* Records shown:
^^^^^^^^
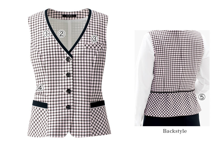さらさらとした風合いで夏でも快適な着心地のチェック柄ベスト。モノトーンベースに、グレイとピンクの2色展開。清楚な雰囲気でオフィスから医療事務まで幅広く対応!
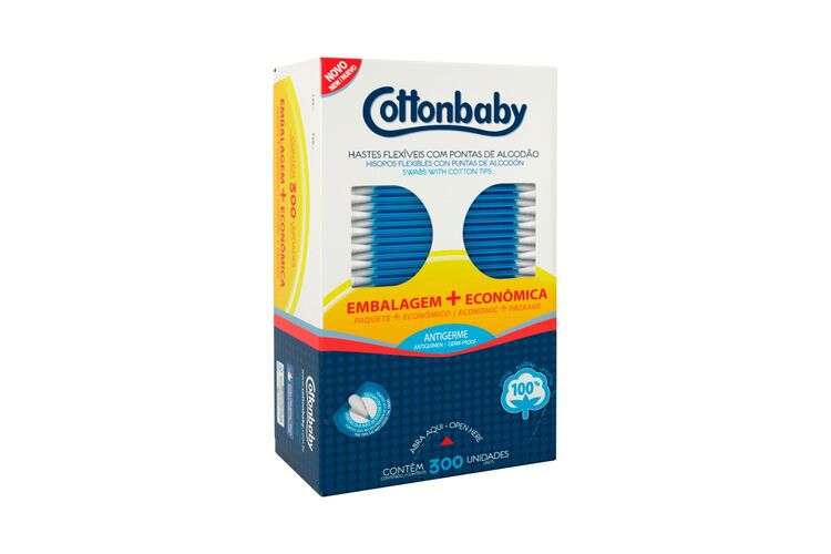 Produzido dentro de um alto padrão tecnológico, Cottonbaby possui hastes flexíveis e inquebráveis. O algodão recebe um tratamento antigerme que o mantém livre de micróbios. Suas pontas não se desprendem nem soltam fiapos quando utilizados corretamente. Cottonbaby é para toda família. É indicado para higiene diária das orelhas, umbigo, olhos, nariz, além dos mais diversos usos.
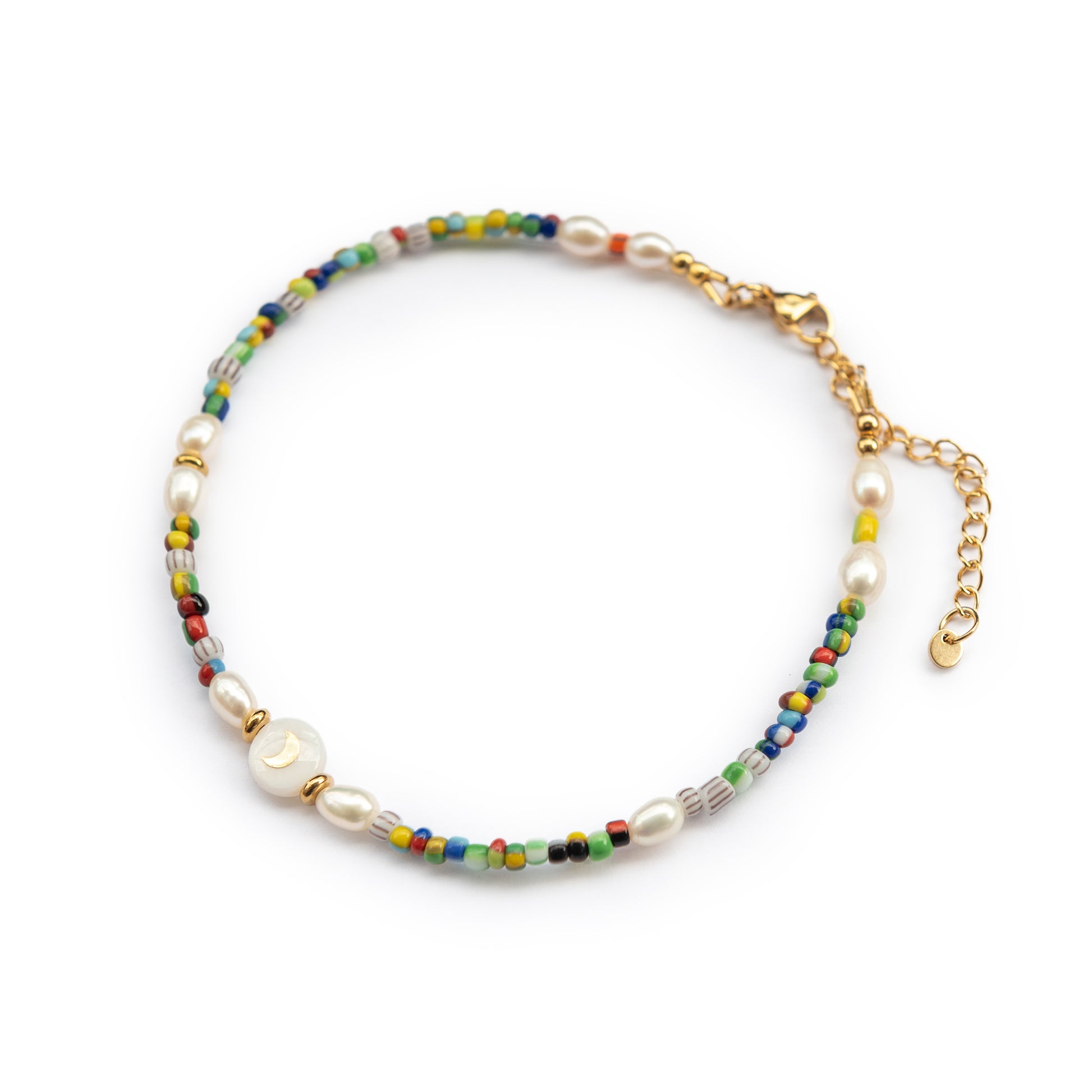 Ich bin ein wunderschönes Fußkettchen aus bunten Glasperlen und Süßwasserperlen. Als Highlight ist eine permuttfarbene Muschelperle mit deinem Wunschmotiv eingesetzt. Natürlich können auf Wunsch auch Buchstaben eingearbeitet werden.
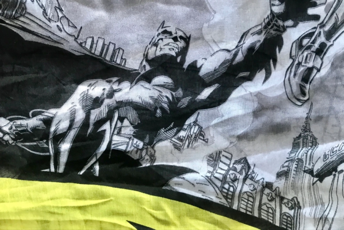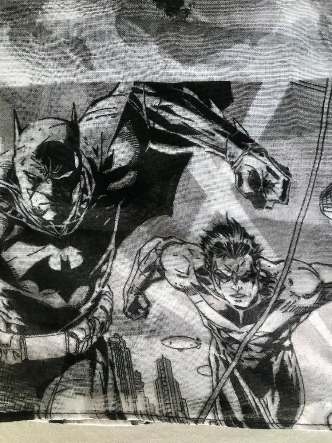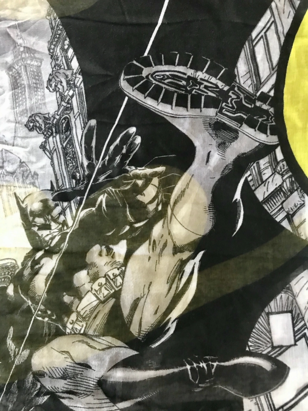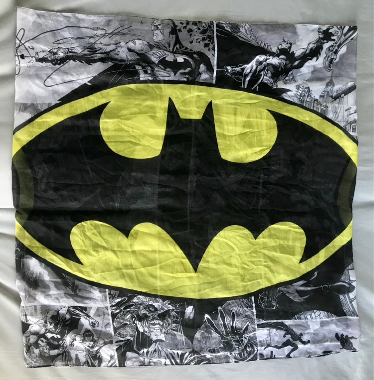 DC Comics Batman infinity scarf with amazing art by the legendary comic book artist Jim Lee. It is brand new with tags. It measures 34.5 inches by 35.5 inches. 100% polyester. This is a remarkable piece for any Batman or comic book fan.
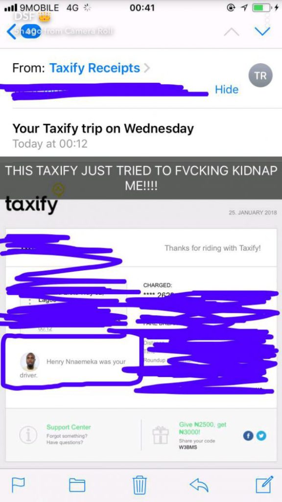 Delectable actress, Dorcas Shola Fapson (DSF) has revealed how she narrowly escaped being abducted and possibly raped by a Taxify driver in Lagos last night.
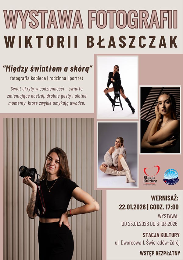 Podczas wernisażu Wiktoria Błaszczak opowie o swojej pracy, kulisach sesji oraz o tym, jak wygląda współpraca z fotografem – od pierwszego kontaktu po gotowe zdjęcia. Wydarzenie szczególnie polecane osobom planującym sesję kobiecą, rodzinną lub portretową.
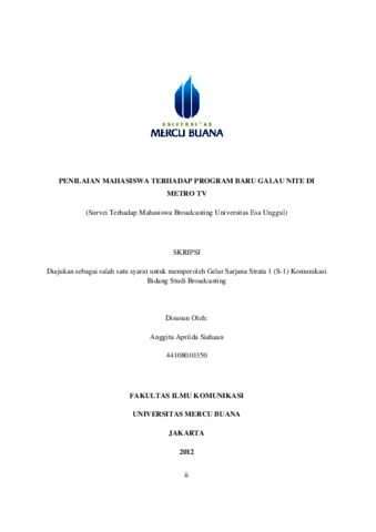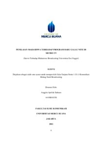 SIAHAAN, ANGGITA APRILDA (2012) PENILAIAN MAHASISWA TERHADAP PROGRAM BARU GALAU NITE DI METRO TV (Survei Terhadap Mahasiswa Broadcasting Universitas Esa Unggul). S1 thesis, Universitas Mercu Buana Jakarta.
^^^^^^^^
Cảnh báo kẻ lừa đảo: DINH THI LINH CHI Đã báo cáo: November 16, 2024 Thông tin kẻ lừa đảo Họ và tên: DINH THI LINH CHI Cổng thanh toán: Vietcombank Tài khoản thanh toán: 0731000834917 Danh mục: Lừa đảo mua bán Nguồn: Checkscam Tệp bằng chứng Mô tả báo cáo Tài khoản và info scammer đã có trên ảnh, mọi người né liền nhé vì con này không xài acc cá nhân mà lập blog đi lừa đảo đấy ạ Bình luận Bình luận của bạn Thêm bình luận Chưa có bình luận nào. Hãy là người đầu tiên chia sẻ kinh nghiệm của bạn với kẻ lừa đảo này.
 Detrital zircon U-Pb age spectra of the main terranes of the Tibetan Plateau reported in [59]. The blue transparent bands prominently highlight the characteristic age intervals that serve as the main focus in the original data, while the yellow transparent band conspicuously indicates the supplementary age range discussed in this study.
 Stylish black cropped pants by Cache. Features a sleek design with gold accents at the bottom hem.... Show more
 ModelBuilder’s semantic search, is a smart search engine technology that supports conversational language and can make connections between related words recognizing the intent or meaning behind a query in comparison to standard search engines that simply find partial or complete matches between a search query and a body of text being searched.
^^^^^^^^
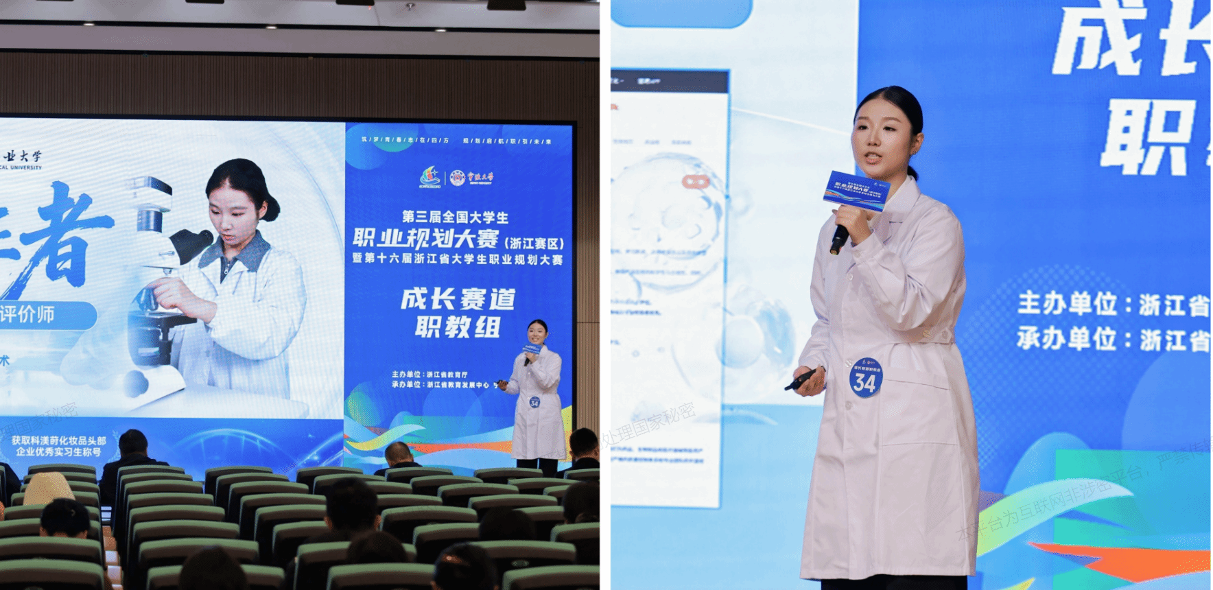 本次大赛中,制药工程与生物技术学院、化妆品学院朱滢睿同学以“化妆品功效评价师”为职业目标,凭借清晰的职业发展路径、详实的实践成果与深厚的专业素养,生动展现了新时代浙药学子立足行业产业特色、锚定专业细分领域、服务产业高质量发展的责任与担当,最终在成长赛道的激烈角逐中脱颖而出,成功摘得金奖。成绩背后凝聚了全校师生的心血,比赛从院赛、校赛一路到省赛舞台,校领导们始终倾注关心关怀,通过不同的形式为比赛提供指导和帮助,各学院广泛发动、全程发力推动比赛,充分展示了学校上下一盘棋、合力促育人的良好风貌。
^^^^^^^^
* Problem:
In the listing above, find the line with "さらさらとした風合いで夏でも" and the line with "SIAHAAN, ANGGITA APRILDA". Set down both and every line between them, minus the pictures.

* Answer section:
さらさらとした風合いで夏でも快適な着心地のチェック柄ベスト。モノトーンベースに、グレイとピンクの2色展開。清楚な雰囲気でオフィスから医療事務まで幅広く対応!
 Produzido dentro de um alto padrão tecnológico, Cottonbaby possui hastes flexíveis e inquebráveis. O algodão recebe um tratamento antigerme que o mantém livre de micróbios. Suas pontas não se desprendem nem soltam fiapos quando utilizados corretamente. Cottonbaby é para toda família. É indicado para higiene diária das orelhas, umbigo, olhos, nariz, além dos mais diversos usos.
 Ich bin ein wunderschönes Fußkettchen aus bunten Glasperlen und Süßwasserperlen. Als Highlight ist eine permuttfarbene Muschelperle mit deinem Wunschmotiv eingesetzt. Natürlich können auf Wunsch auch Buchstaben eingearbeitet werden.
 DC Comics Batman infinity scarf with amazing art by the legendary comic book artist Jim Lee. It is brand new with tags. It measures 34.5 inches by 35.5 inches. 100% polyester. This is a remarkable piece for any Batman or comic book fan.
 Delectable actress, Dorcas Shola Fapson (DSF) has revealed how she narrowly escaped being abducted and possibly raped by a Taxify driver in Lagos last night.
 Podczas wernisażu Wiktoria Błaszczak opowie o swojej pracy, kulisach sesji oraz o tym, jak wygląda współpraca z fotografem – od pierwszego kontaktu po gotowe zdjęcia. Wydarzenie szczególnie polecane osobom planującym sesję kobiecą, rodzinną lub portretową.
 SIAHAAN, ANGGITA APRILDA (2012) PENILAIAN MAHASISWA TERHADAP PROGRAM BARU GALAU NITE DI METRO TV (Survei Terhadap Mahasiswa Broadcasting Universitas Esa Unggul). S1 thesis, Universitas Mercu Buana Jakarta.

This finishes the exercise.